Task item » The entries below contain pictures, which are to be left out; write out exactly, and only, the lines from the line with "Upgrade your everyday" up to and including the line with "İnci ve Fiyonk Çerçeve Kolye Ucu".

***** Information provided *****

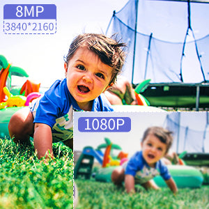 El sistema de cámaras de seguridad con 4 cámaras cuenta con una lente óptica de alta tecnología de 8.0MP y 2160P, proporcionando un marco de súper alta definición de 3840*2160 Mega Píxeles, superior a cámaras de 3.0MP o 5.0MP. Con una cubierta totalmente metálica y clasificación de resistencia al agua IP66, esta cámara puede funcionar bien tanto en interiores como en exteriores.
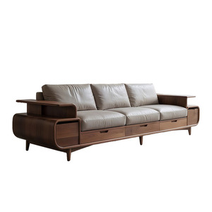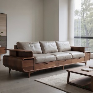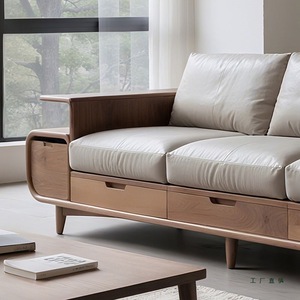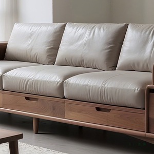 新中式实木沙发黑胡桃木简约现代轻奢皮艺长直排沙发带储物功能无
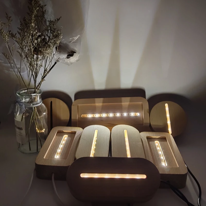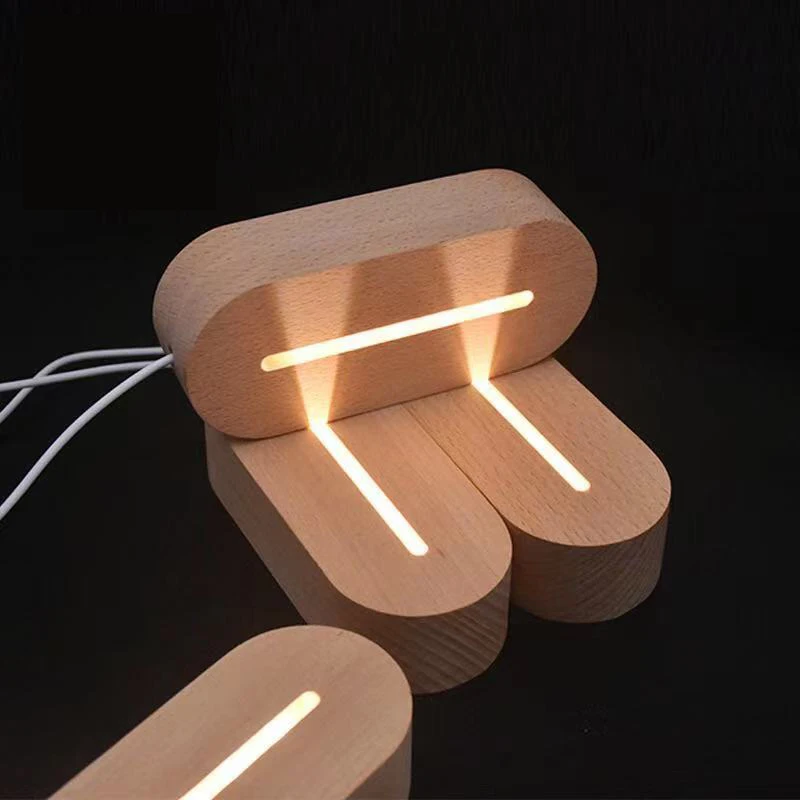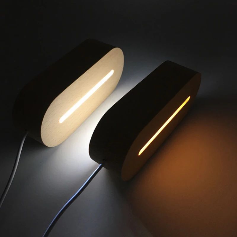 Овальный светодиодный светильник с деревянным основанием, современная настольная лампа с деревянным дисплеем и подсветкой, с USB разъемом, с деревянным основанием для акриловых знаков, табличка, искусство из смолы
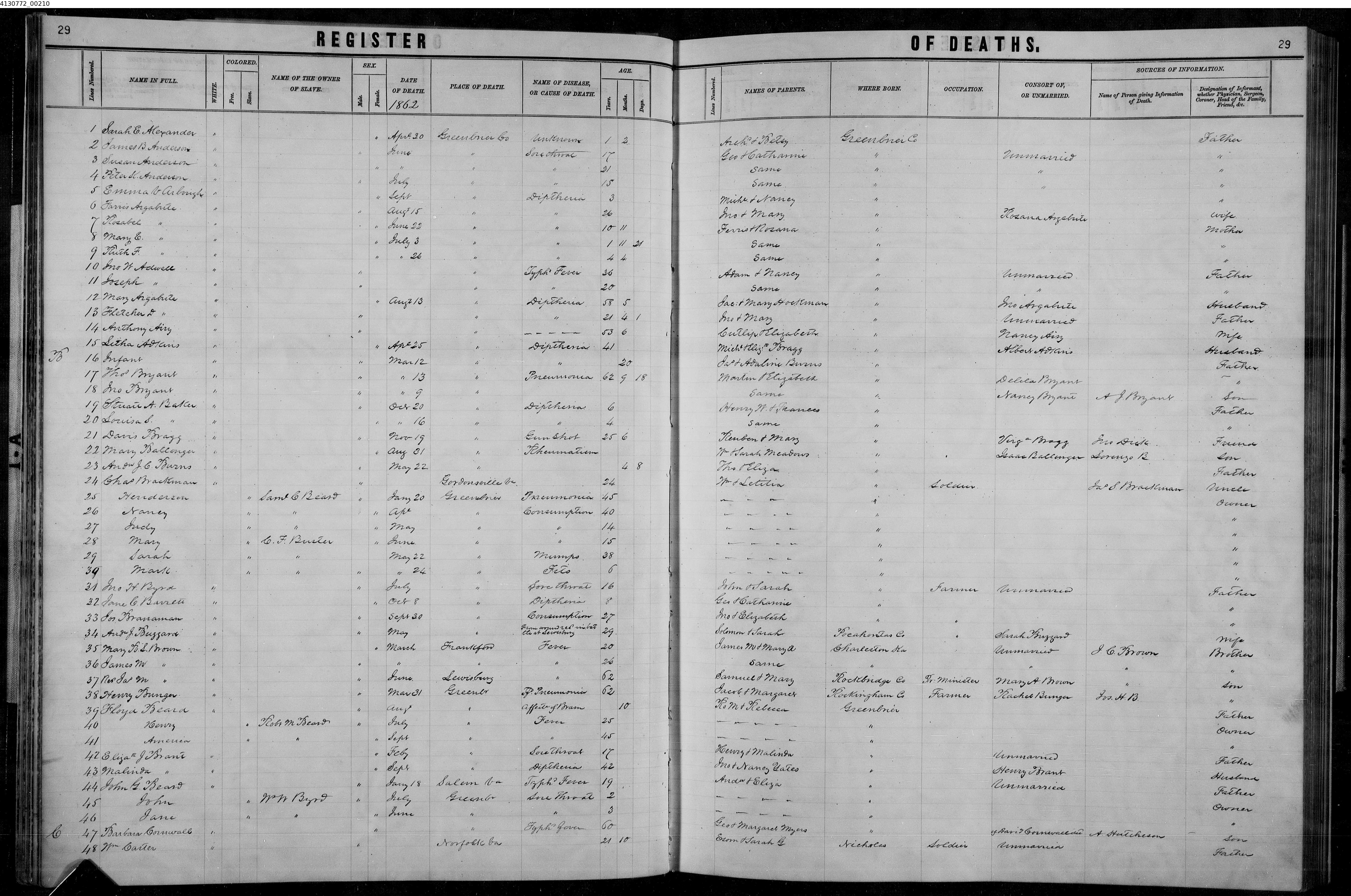 http://www.wvculture.org/vrr/va_view.aspx?Id=2900656&Type=Death John G. Beard, Male, d 18 Jan 1862, Salem, VA, 19y. Birth Greenbrier County, WV, Single, Mother Eliza, Father Andw. Typhoid Fever. |
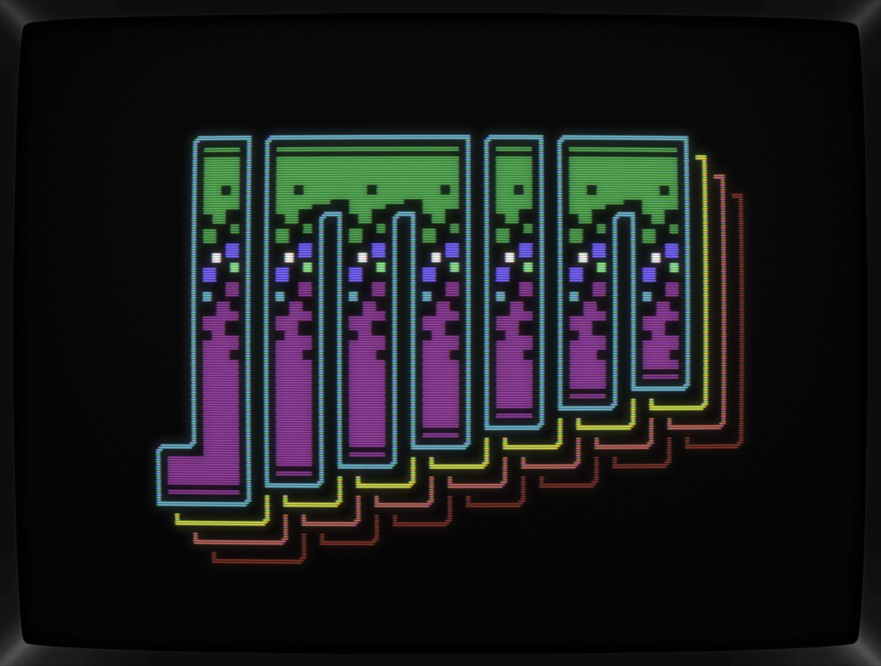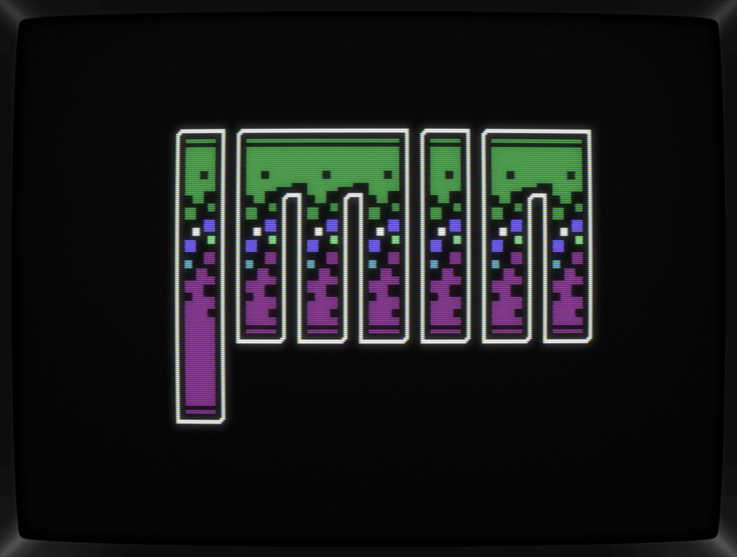 Anyway, while wading through my undone project files, I've rediscovered it and fell in love with it as soon as lit up in micro64. When chosing my handle jmin I've had it in my mind as bunch of parallel lines with varying lenghts and well, that's exactly what Neon Ooze is.
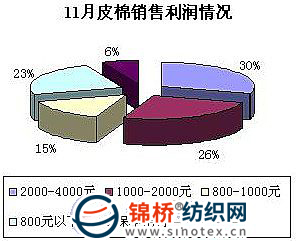 調(diào)查顯示,11月國內(nèi)棉花現(xiàn)貨價格均價較上月漲幅在2000元/噸左右。但是過山車般的行情使企業(yè)的經(jīng)營出現(xiàn)很大差異。一些前期低位收購的企業(yè)利潤情況還可以,但是月內(nèi)高位收購的企業(yè)加工后銷售則明顯購銷倒掛,不過購銷倒掛的企業(yè)多數(shù)堅持囤積惜售,期盼年后順價銷售。棉企經(jīng)營風(fēng)險加大。調(diào)查顯示,銷售利潤在2000-4000的企業(yè)占到30%,較上月減少7個百分點;1000-2000的企業(yè)占到26%,較上月減少3個百分點;800元以下的占23%,;銷售利潤在800-1000元的占15%,較上月減少5個百分點;還有6%的企業(yè)屬于保本無利。(如下圖2月銷售利潤對比)
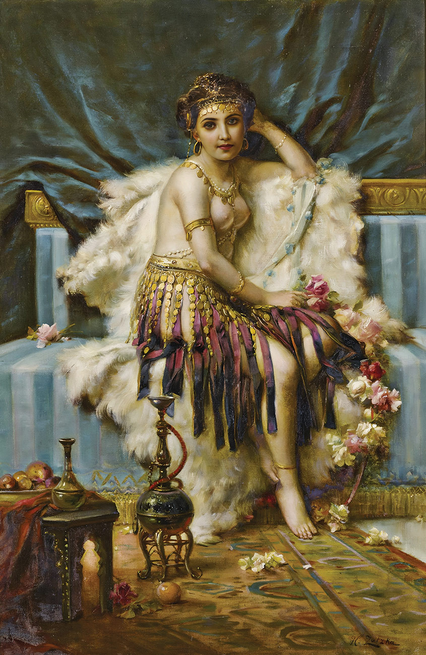 ₴ Репродукция бытовой жанр известного художника "Красота с цветами в интерьере" - Зацка Ханс
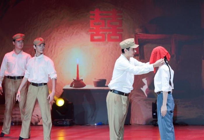 舞蹈《天山鑄芳華》再現(xiàn)兵團軍墾戰(zhàn)士在地窩子里舉辦婚禮的溫情場景。
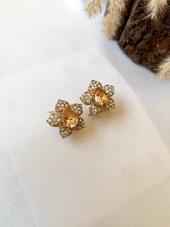 Upgrade your everyday look with our zirconic small flower-shape studs, finished in premium gold plating for a soft, elegant shine.
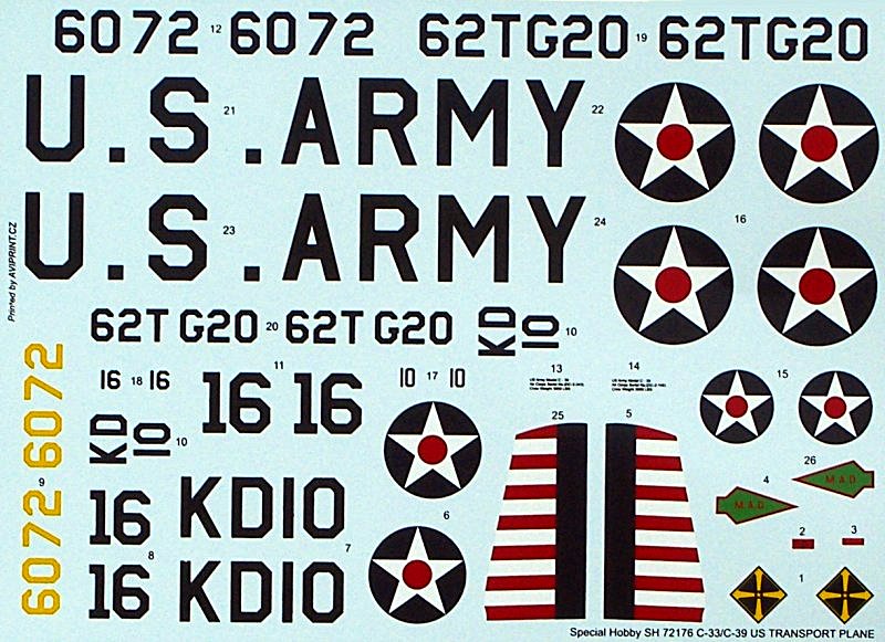 Bausatz: Schon vor sechs Jahren erschien im Hause MPM die Douglas DC-2, die ich auch selbst als Luft Hansa Maschine gebaut hatte. Im Prinzip ist der Bausatz i.O. Nun hat MPM beim Label Special Hobby die Versionen C-33 und C-39 herausgebracht die sich doch deutlich von den normalen DC-2 unterscheiden. Dafür wurden einige Teile neuentwickelt und auf einem Spritzrahmen vereint. Es handelt sich um das Höhenleitwerk der DC-3/C-39, das Seitenleitwerk der C-33 sowie eines der DC-3/C-39, einer neunen Tragflügelunterseite der DC-3/C-39 und ein paar Kleinteile. Somit sind alle Voraussetzungen zum Bau der C-33 und der C-39 vorhanden.
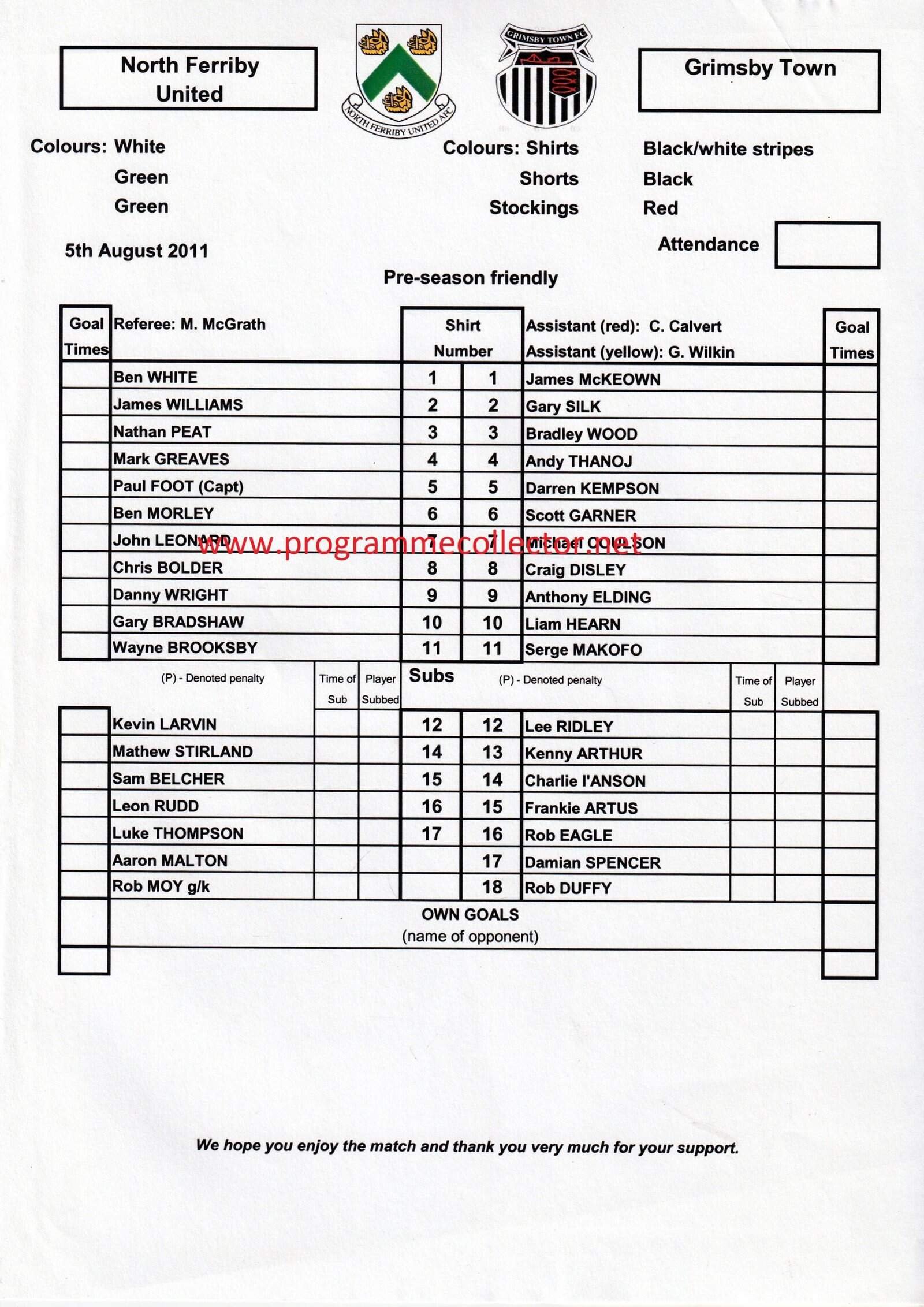 Match: North Ferriby United v Grimsby Town Competition: Friendly Date: 05-Aug-2011 Comments: Single sheet issue Rating: 4 Condition: Very good Weight in grams: 20
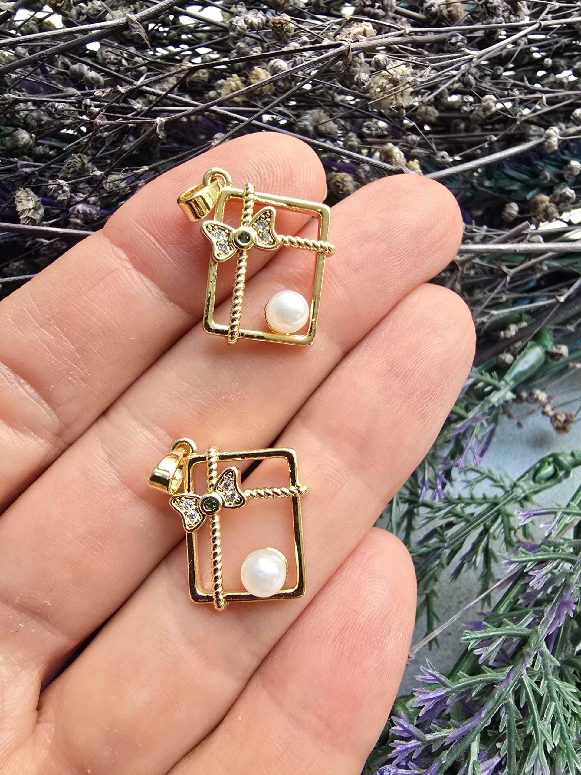 İnci ve Fiyonk Çerçeve Kolye Ucu
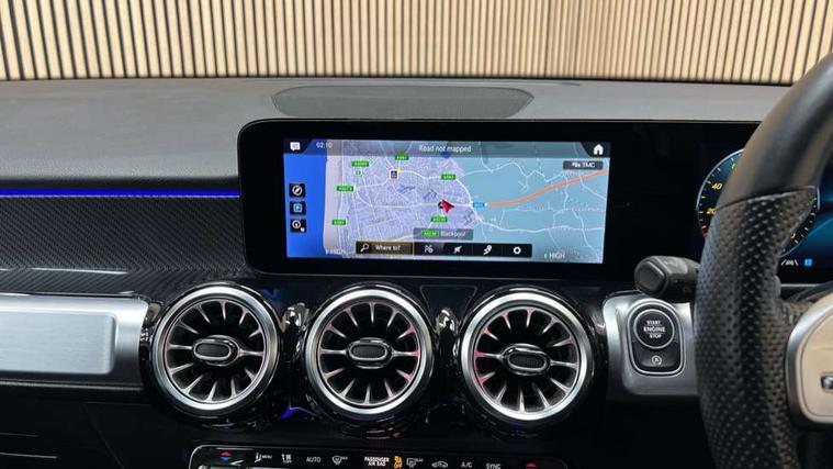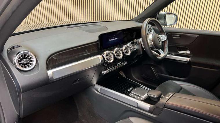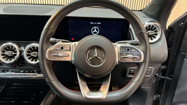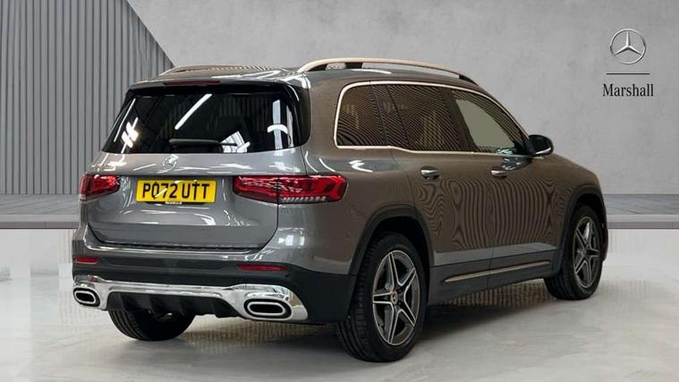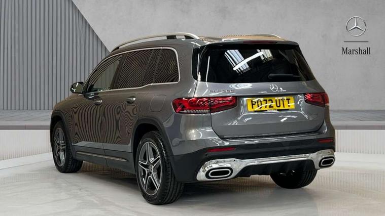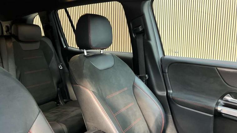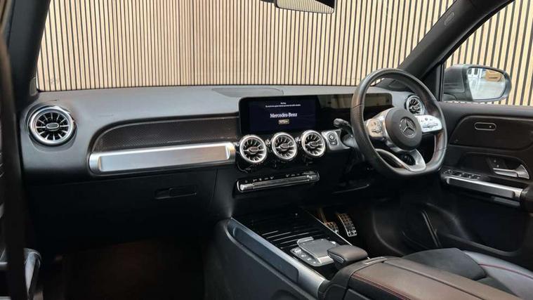 10.25" Digital instrument cluster display screen, 10.25" Digital media screen display, Active lane keeping assist, Attention assist - Monitors steering behaviour and long journey fatigue, Brake pad wear indicator warning light, Car wash mode, Cruise control with limiter, DYNAMIC SELECT with a choice of driving modes (ECO, Comfort, Sport and Individual), ECO start/stop function, Fluid level warning indicator for fuel, oil, coolant and washer fluid, Hard disk navigation, Hey Mercedes Voice activation, Lamp failure indicator, Mercedes me connect including emergency call system, accident recovery, breakdown and maintenance management, Mercedes me remote services, Outside temperature gauge, Owners manual and service booklet in English, Parameter steering system, Pre-installation of private car share, Preinstallation for parking damage notification, Radio aerial integrated into front and rear windshields, Service indicator (ASSYST), Smartphone integration with Apple CarPlay and Android auto, Speed limit assist, Trip computer in multifunction display with current consumption indicator, Comfort suspension, Rear axle multi-link, DAB digital radio tuner, MBUX multimedia system with DAB digital radio and touchpad including satellite navigation, Mercedes Benz sound system (225 W) with 10 speakers, 1 central speaker, speakers on doors, a tweeter on door, one sub woofer + boost amplifier, Pre installation for Mercedes Benz Link, USB (type C) port in front stowage compartment, USB (type C) ports (2) in stowage compartment, Adaptive brake lights, Aerial for GPS, AMG bodystyling door panels black grained with chrome plated inserts, AMG bodystyling front apron with chrome splitter, AMG bodystyling rear apron with diffuser optics and chrome trim element, AMG specific front and rear bumper including underride guard in high gloss chrome, Beltline strips and weather strip in chrome, Body coloured bumpers, Body coloured door handles with chrome insert for keyless entry, Body coloured door mirror caps, Electric adjustable and heated door mirrors with integrated LED side indicators, Exhaust system with dual flow exhaust pipes (non-functional), Front and rear electric windows, Headlamp assist automatic headlamp activation, Heated glass rear windscreen + timer control, High level LED third brake light, Interior mirror with black reading lamps and frameless, LED high performance headlamps with integrated LED daytime running lights, LED tail lamp, Polished aluminium roof rails, Privacy glass with dark tinting on rear side windows and rear window, Radiator grille with pins in chrome and single louvre with chrome insert, Rain sensor windscreen wipers, Rear fog lamp, Rear side wing doors, Rear wiper, Two visible tailpipe trim elements exhaust, 3 seat bench in 2nd row, 3 spoke multifunction sport steering wheel in nappa leather, Air conditioning - Two zone thermotronic luxury automatic climate control with display, AMG sports pedals with brushed stainless steel surfaces and black rubber studs, Artico man-made leather/Microfibre Dinamica upholstery with red contrast stitching, Automatic child seat recognition sensor, Black floor mats with AMG lettering, Black roof lining, Fore/aft adjustment rear seats, Freight packaging with tie-down hooks, Front centre armrest with stowage, Front door sills with illuminated changeable cover, Front passenger grab handle with brushed side silver chrome, Front sports seats with adjustable head restraints, Galvanished gear shift paddles on steering wheel, Heated front seats, Height/reach adjustable steering column, Interior lighting - 64 colour Ambient lighting, Luggage net on driver/front passenger seat backrest, Net in front passenger footwell, Rear armrest with two integral cup holders for drinks, Rear seat easy entry, Single front passenger seat, Stowage compartment in centre console, Stowage compartment with retractable cover, Third row of seats for two people on rear seat, Touchpad on center console, Twin front cup holders, Two outer rear seat isofix and top tether child seat fixing points, Interior lighting with light and sight pack - GLB, Keyless go pack - GLB, Mirror pack - GLB, Parking pack - GLB, Seat comfort package - GLB, 3 rear 3 point seatbelts, Active bonnet pedestrain safety measure which detects an impact and raises bonnet by 65mm, Active brake assist includes forward collision warning system with autonomous braking, Adaptive brake assist with hold function and hill start assist, Airbags - kneebag for driver, Anti-lock braking system (ABS) with brake assist, Childproof locks manually operated for rear doors and electrically operated for rear power windows, Crash responsive emergency lighting, Curve dynamic assist, Driver and front passenger head and sidebags, Driver and front passenger windowbags, Dual stage driver and front passenger airbags, Electronic parking brake, Electronic stability programme with acceleration skid control, Front and rear seatbelt reminder, Front brake callipers with Mercedes Benz lettering, Front passenger seat occupancy sensor, Tyre pressure monitoring system, Warning triangle and first aid kit, Interior monitoring system, Remote central locking and crash sensor with emergency opening function, Thatcham category 1 alarm system with immobiliser and interior protection, Urban guard vehicle protection - Anti theft alarm system, tow away protection with visual and acoustic warning and alarm siren, Vehicle key with decorative surround in chrome, Black air vents with chrome surround, Carbon structure trim, 19" AMG 5 twin spoke light alloy wheels painted in high gloss black with high sheen finish, Summer tyres, Tirefit tyre sealant kit,

*****

Answer for this exercise »
 Upgrade your everyday look with our zirconic small flower-shape studs, finished in premium gold plating for a soft, elegant shine.
 Bausatz: Schon vor sechs Jahren erschien im Hause MPM die Douglas DC-2, die ich auch selbst als Luft Hansa Maschine gebaut hatte. Im Prinzip ist der Bausatz i.O. Nun hat MPM beim Label Special Hobby die Versionen C-33 und C-39 herausgebracht die sich doch deutlich von den normalen DC-2 unterscheiden. Dafür wurden einige Teile neuentwickelt und auf einem Spritzrahmen vereint. Es handelt sich um das Höhenleitwerk der DC-3/C-39, das Seitenleitwerk der C-33 sowie eines der DC-3/C-39, einer neunen Tragflügelunterseite der DC-3/C-39 und ein paar Kleinteile. Somit sind alle Voraussetzungen zum Bau der C-33 und der C-39 vorhanden.
 Match: North Ferriby United v Grimsby Town Competition: Friendly Date: 05-Aug-2011 Comments: Single sheet issue Rating: 4 Condition: Very good Weight in grams: 20
 İnci ve Fiyonk Çerçeve Kolye Ucu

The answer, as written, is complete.